It's unshare + chroot. It's not only unshare, and not only chroot. Chroot is a valid term, when applicable.

_Sandbox_ is a good general term for this, IMO.

I agree that sandbox is a fine term. But that's really something for a separate issue.

Do we use unshare in such a way that this will work without root? Is the implementation shared with nix-container at all?

@Ericson2314 I currently have a ticket for that (I think it's what you mean): https://github.com/NixOS/nix/issues/625

@Ericson2314 no it needs root because NEWUSER is not used apparently, but @edolstra can tell better: http://lxr.devzen.net/source/xref/nix/src/libstore/build.cc#2131

It _should_ be possible to use NEWUSER and set a mapping for the build users. With NEWUSER it's also possible to chroot(). That means it would be possible to have sandboxing when nix is running as user without nix-daemon.

Thanks, I'll continue this in the other thread.
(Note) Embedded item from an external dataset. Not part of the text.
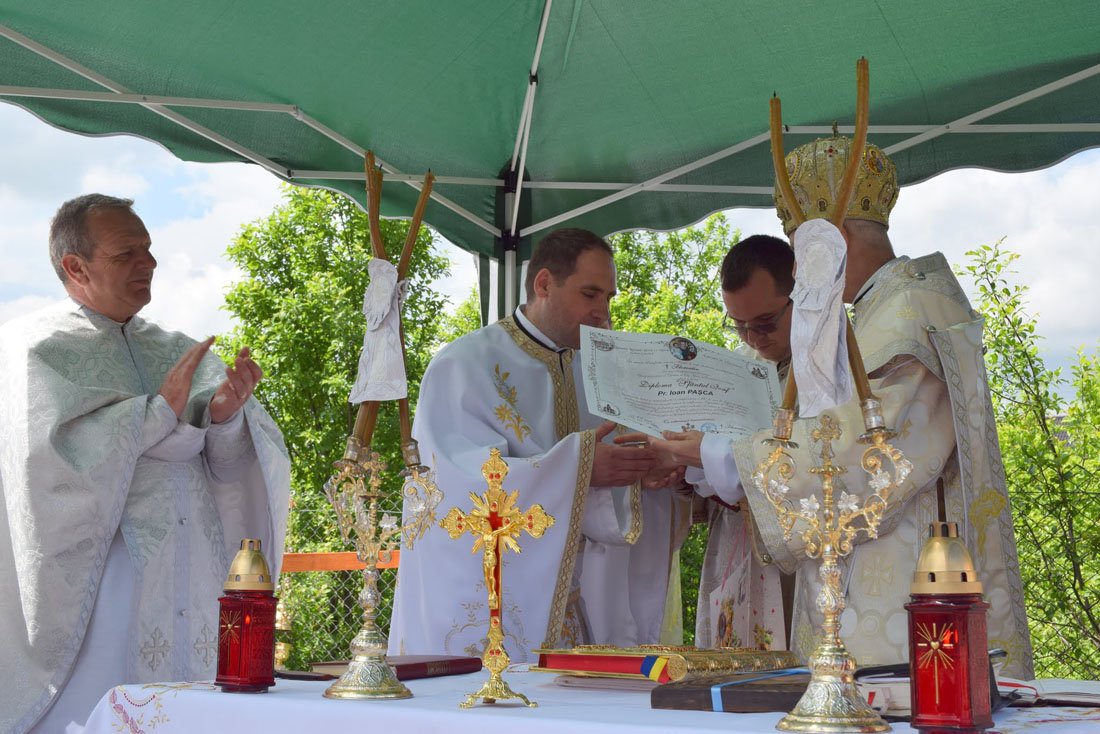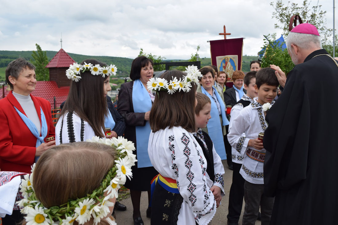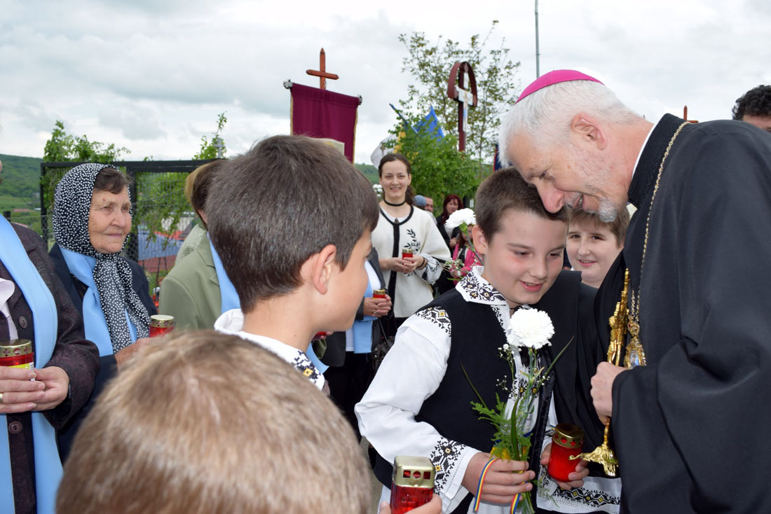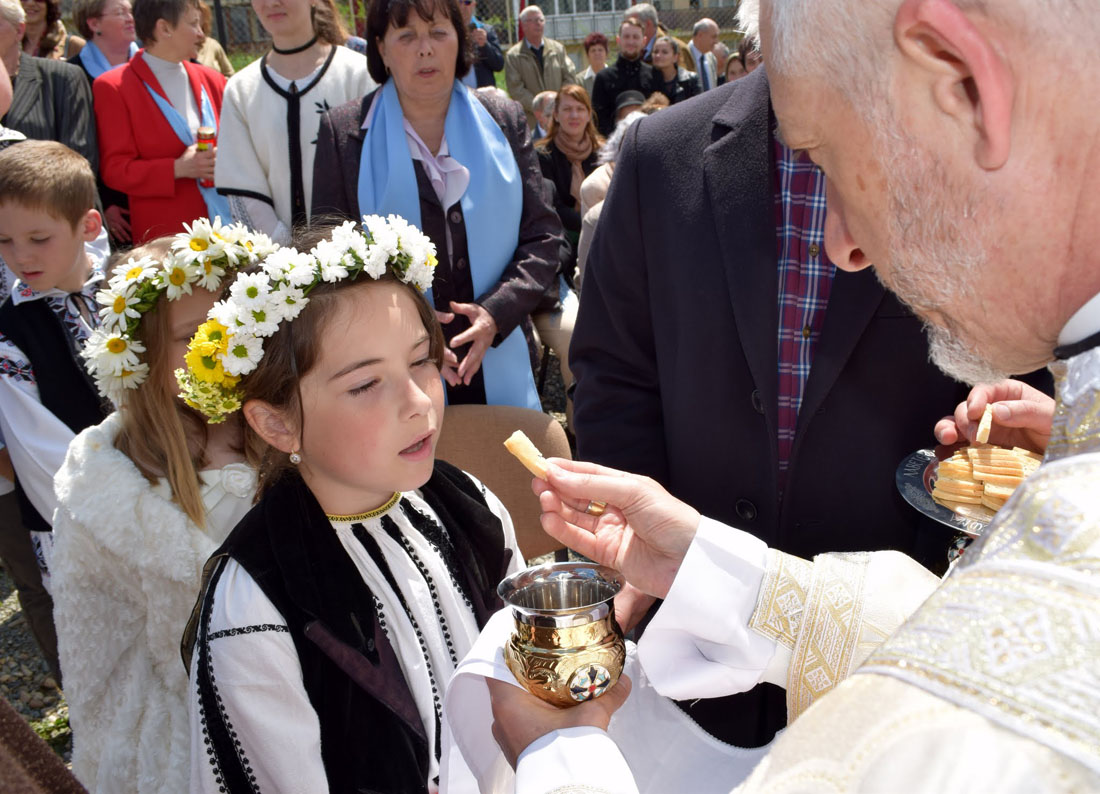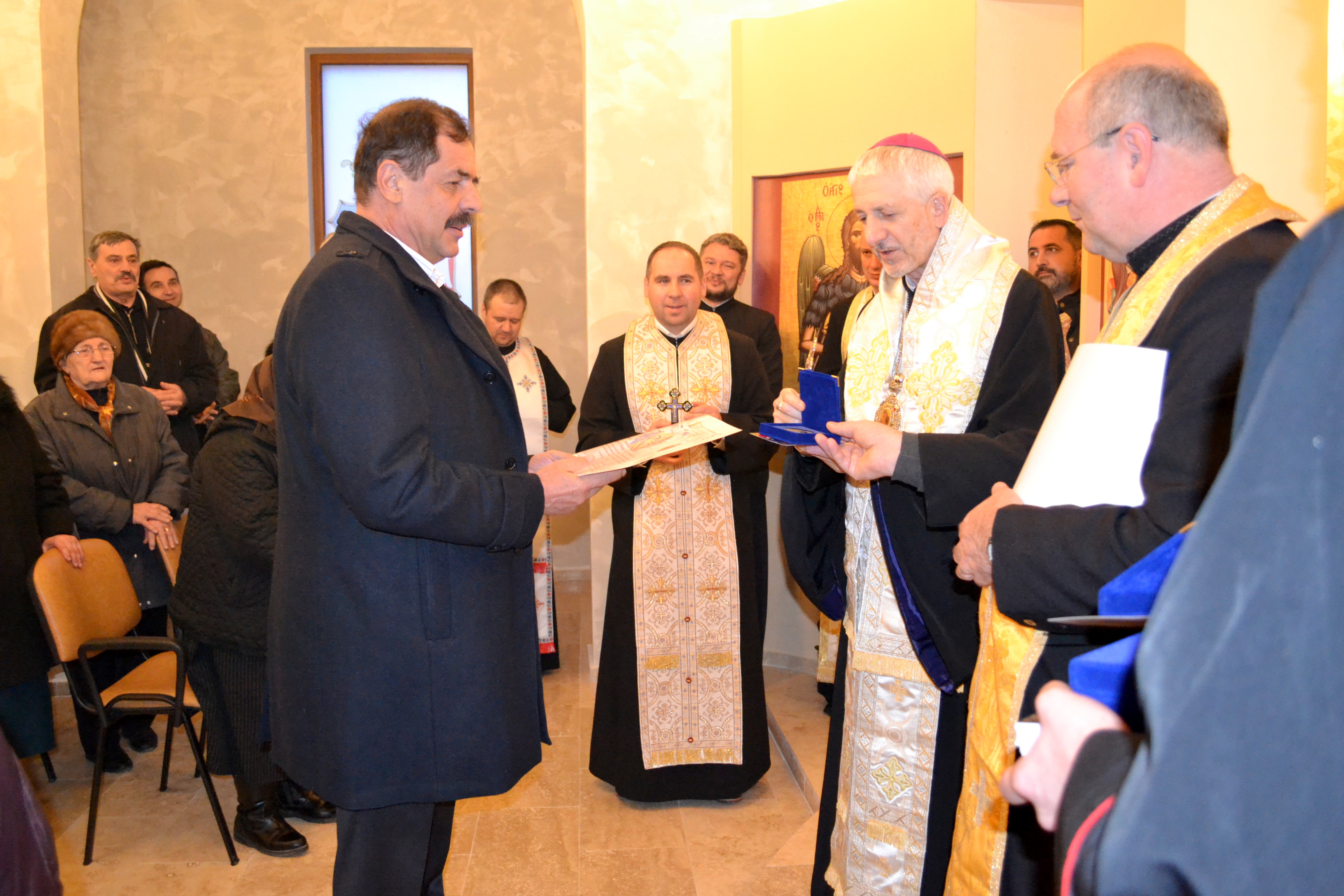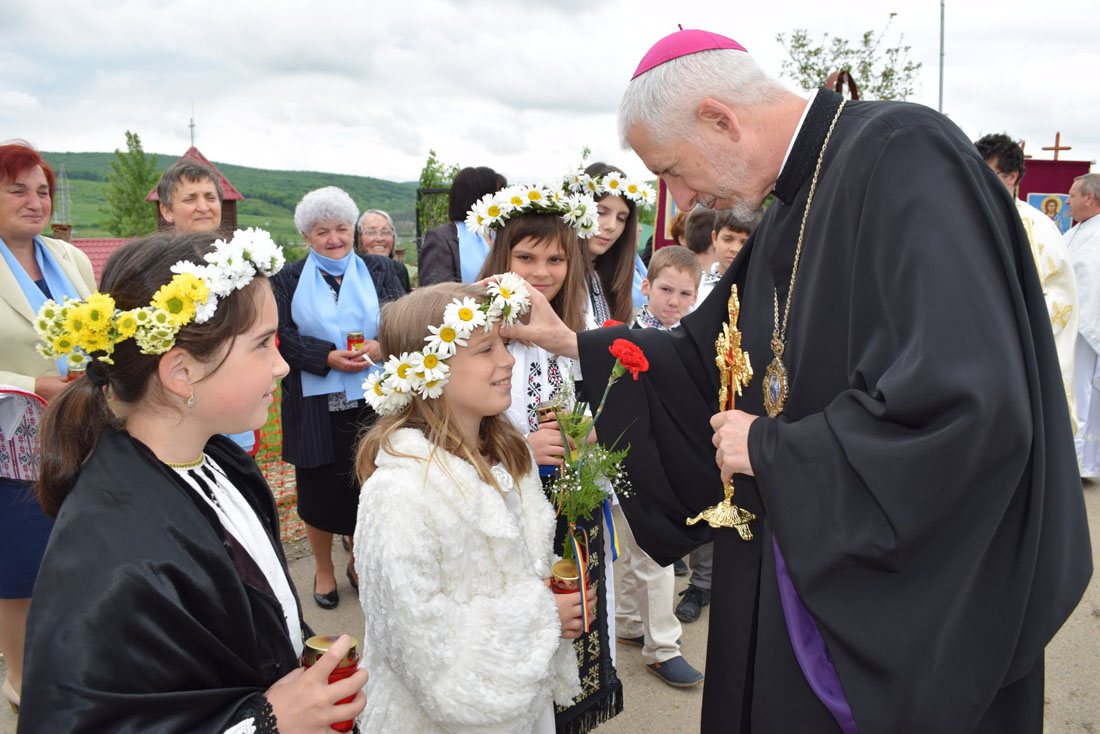 După Sfânta Liturghie, pr. Ioan Pașca și-a exprimat recunoștința pentru celebrarea sărbătorească și pentru prezența Păstorului Eparhiei de Cluj-Gherla, și a oferit Preasfinției Sale Claudiu, din partea comunității parohiale, câteva semne de mulțumire și amintire, între care, o candelă, „pentru a rămâne mereu făclii aprinse” și simbol pentru credință; de asemenea, „pentru că astăzi ați semănat sămânța curată, bună și sfântă în parohia noastră, v-am oferit și câteva spice de grâu, care simbolizează roadele pe care le vedem” – cei 12 copilași care au primit Prima Sfântă Împărtășanie. Un alt dar a fost un șirag al Sfântului Rozariu, în Biserica Catolică luna octombrie fiind și „luna Rozariului”. A mulțumit apoi tuturor: preoților, consiliului parohial, Reuniunii Mariane, autorităților locale, celor care s-au implicat în organizarea evenimentului, celor care au contribuit și sprijinit zidirea bisericii. Preasfinția Sa Claudiu a mulțumit pr. Ioan Pașca „pentru misiunea minunată pe care a făcut-o în această parohie, pentru biserica ridicată dar mai ales pentru bisericile pe care le-a ridicat în sufletele credincioșilor”. A mulțumit viceprimarului, consilierilor locali, tuturor celor prezenți. În continuare, copiilor le-au fost înmânate diplome de amintire de la Prima Sfântă Împărtășanie, și apoi pr. paroh Ioan Pașca a invitat la agapa fraternă pregătită cu generozitate pentru toți, prilej de întâlnire și bucurie în zi de sărbătoare.

(extracted from #12596) I understand that the issue is not solved yet, but how about making nix.useChroot enabled by default on NixOS nevertheless? This is _de facto_ required to be sure that nothing is broken during packaging new things, so disabling it may be useful only if user has made some patch that is both (a) local for him, so he doesn't need to test it extensively and (b) mass rebuild-y. In other cases (typical PRs or just regular use) either number of built (not fetched) derivations would be too small to notice or the user would need to enable chroot for testing prior to submitting a PR anyway.

We might have a compromise taking the best of both by default: use chroots everywhere except for those tiny nixos builds that just create a couple config files.

I think that would be achieved by setting build-use-sandbox = relaxed in nix.conf, and having __noChroot = true; in those trivial builds. (The option is described in man nix.conf.)

When a package takes 5 minutes to compile, gaining 36 seconds seem like a micro-optimization. Is it worth losing the purity for that ?

Users should be getting binaries from the cache. The only slow thing would then be buildEnv, which we can probably safely unsandbox.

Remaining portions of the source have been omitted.